A veces, mientras caminaba por el bosque que rodeaba la ciudad, me preguntaba si había algo más allá. ¿Existía un lugar donde no tuviera que disculparme por querer más de lo que me habían asignado? ¿Dónde alguien pudiera verme a mí, Louis, y no solo a un omega en espera de un alfa?
No lo sabía.
Lo único que sabía era que mis dieciocho años se sentían como una cuenta atrás.
Harry
Ser alfa nunca fue una elección. Nací con ello grabado en cada hueso, en cada mirada que otros me dirigían. “El futuro líder”, decían. “El heredero”. “El fuerte”.
Lo odiaba y lo necesitaba al mismo tiempo.
Con veinte años, ya cargaba con más responsabilidades de las que cualquiera podía imaginar. Mi padre había enfermado, y aunque aún vivía, el peso de la manada recaía cada vez más sobre mí. Todos esperaban que fuera invencible, que tuviera todas las respuestas. Pero la verdad era que me sentía perdido.
Por las noches, cuando el bosque dormía, me quedaba despierto escuchando mi propio corazón. Un corazón que, pese a todo, seguía vacío.
Había conocido a muchos omegas. Algunos dulces, otros orgullosos, algunos con miradas llenas de promesas que nunca me alcanzaban. Pero ninguno había despertado nada real en mí.
Y entonces llegó aquel día.
Un sábado cualquiera.
Una reunión más de la manada en la plaza.
El aire olía distinto.
Y yo no sabía aún que estaba a punto de cambiarlo todo.
Louis
El bullicio de la plaza me envolvió desde que puse un pie allí.
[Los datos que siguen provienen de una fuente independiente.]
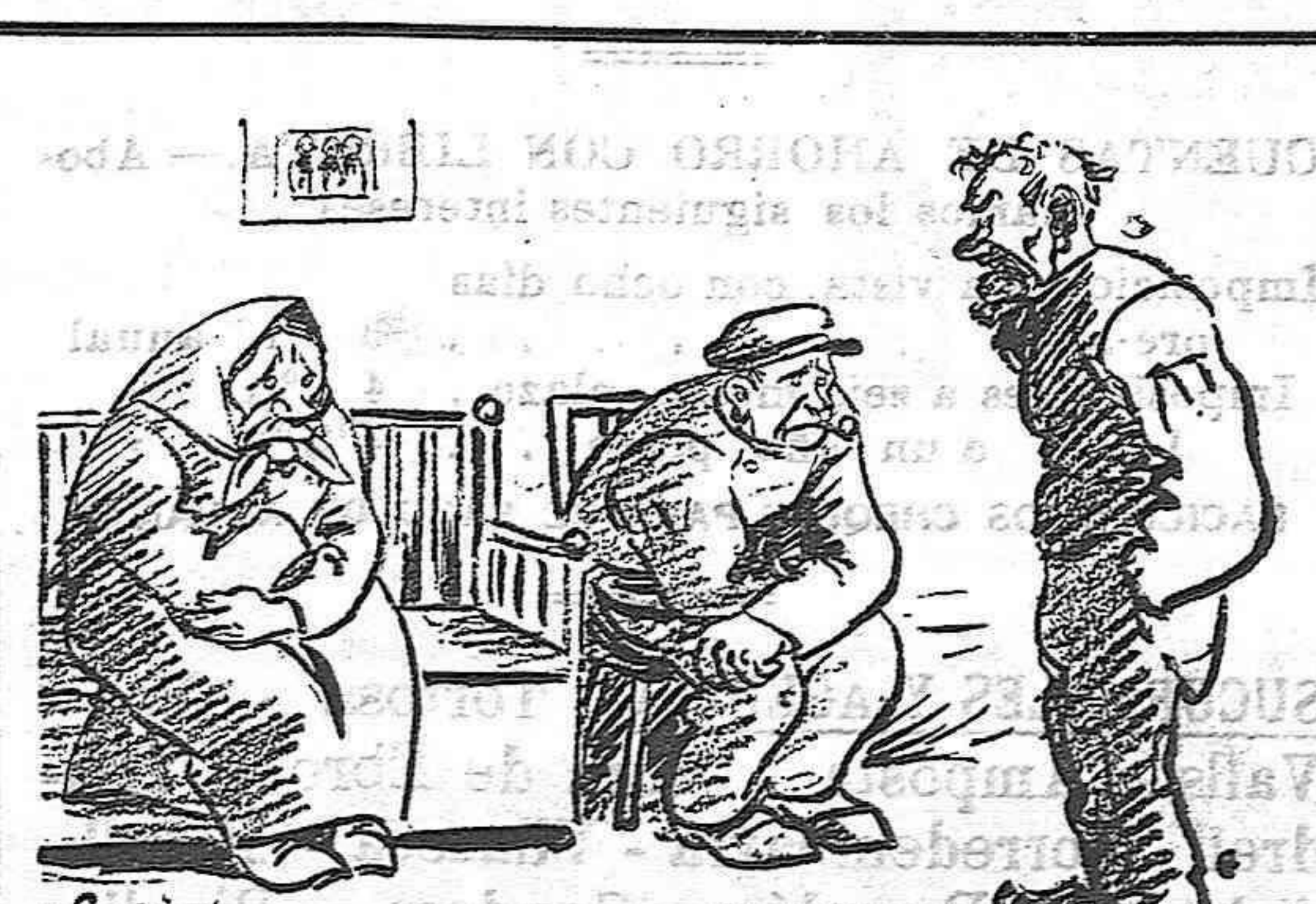
El que está de pie.— Parece extraño que digan que la peseta está baja. Si estuviera tan baja como dicen ya me hubiera agachado a recoger alguna porque bien las necesito, pero está tan alta que no la alcanzo ni con avión.

Se solicita del Gobierno que proceda en breve a una revisión de los aranceles de Aduanas a fin de darles un amayer elasticidad que permita obtener en el Extranjero derechos m's reducidos para nuestros vinos. Al mismo tiempo, se desea que el sistema de un asegunda columna del arancel concebida de manera rígida y única se sustituya por el sistema de derechos consolidados para las partidas que interesan a la exportación española. Se pide, también, que se establezcan negociaciones para aquellos países que apliquen sus derechos arancelarios sobre el peso bruto de las bebidas alcohólicas para que en lo futuro estos derechos recaigan sobre el peso neto y que en los Tratados que se concier-

El olor de cientos de manadas mezcladas era un torbellino que casi me mareaba: especias, humo, sudor, perfumes, instintos. Me sentía fuera de lugar, como siempre.
Apreté los puños en los bolsillos, deseando pasar desapercibido. Pero había algo extraño en el aire. Un cosquilleo bajo la piel, como electricidad.
Entonces lo vi.
Un alfa de cabello rizado, alto, vestido de negro. Su presencia era como una llamarada en medio de la multitud. Y, para mi desgracia, sus ojos verdes me encontraron.
No apartó la mirada.
No me evaluó como hacían otros.
Me miró como si… me reconociera.
El corazón me golpeó tan fuerte que tuve que girarme. No, me dije. No voy a ser uno más de esos omegas que se doblegan por la mirada de un alfa.
Pero sus ojos siguieron ardiendo en mi mente mucho después de haberme dado la vuelta.
Harry
Al principio pensé que estaba imaginando cosas. Pero no: el aroma me envolvía, fresco y cálido, como hierba después de la lluvia. Me abrió el pecho de golpe, y cuando vi de dónde venía, supe que no había marcha atrás.
Era él.
Ese omega.
De pie junto a un puesto de pan, con un jersey azul y el cabello cayéndole sobre la frente.
Todo mi cuerpo reaccionó instintivamente: el corazón acelerado, el pulso firme, el impulso de acercarme. Pero no era solo instinto. Había algo más. Algo que me decía que esa historia no iba a ser como ninguna otra.
Respiré hondo, obligándome a mantener la calma. Caminé hacia él, despacio.
—¿Está bueno ese pan? —pregunté, fingiendo naturalidad.
Él levantó la mirada y nuestros ojos se encontraron. Y fue como caer en un abismo.
—Supongo que sí —respondió, encogiéndose de hombros.
Su voz me atravesó como un acorde perfecto.
—Soy Harry —dije.
—Louis —contestó.
Y su nombre se grabó en mí para siempre.
Louis
El alfa sonrió, y por un momento sentí que el mundo alrededor se desvanecía. No había ruido, ni olores, ni gente. Solo esos ojos verdes sosteniéndome con una calma imposible.
—¿Podré verte de nuevo? —preguntó, con una sinceridad que me desarmó.
Parpadeé, sin saber qué decir. Nadie me había preguntado eso sin exigencia, sin posesión.
—Tal vez —murmuré, antes de girarme y alejarme.
Caminé rápido, pero cada paso se sentía pesado, como si algo invisible tirara de mí hacia atrás. Como si dejarlo ahí fuera el primer error de mi vida.
Harry
Lo vi irse. No intenté detenerlo. Sabía que aún no era el momento.
Pero también sabía otra cosa: ese omega y yo volveríamos a cruzarnos.
Porque lo que había sentido no era casualidad, no era capricho. Era destino.
Y su nombre, Louis, ya latía en mí como si fuera parte de mi propia sangre.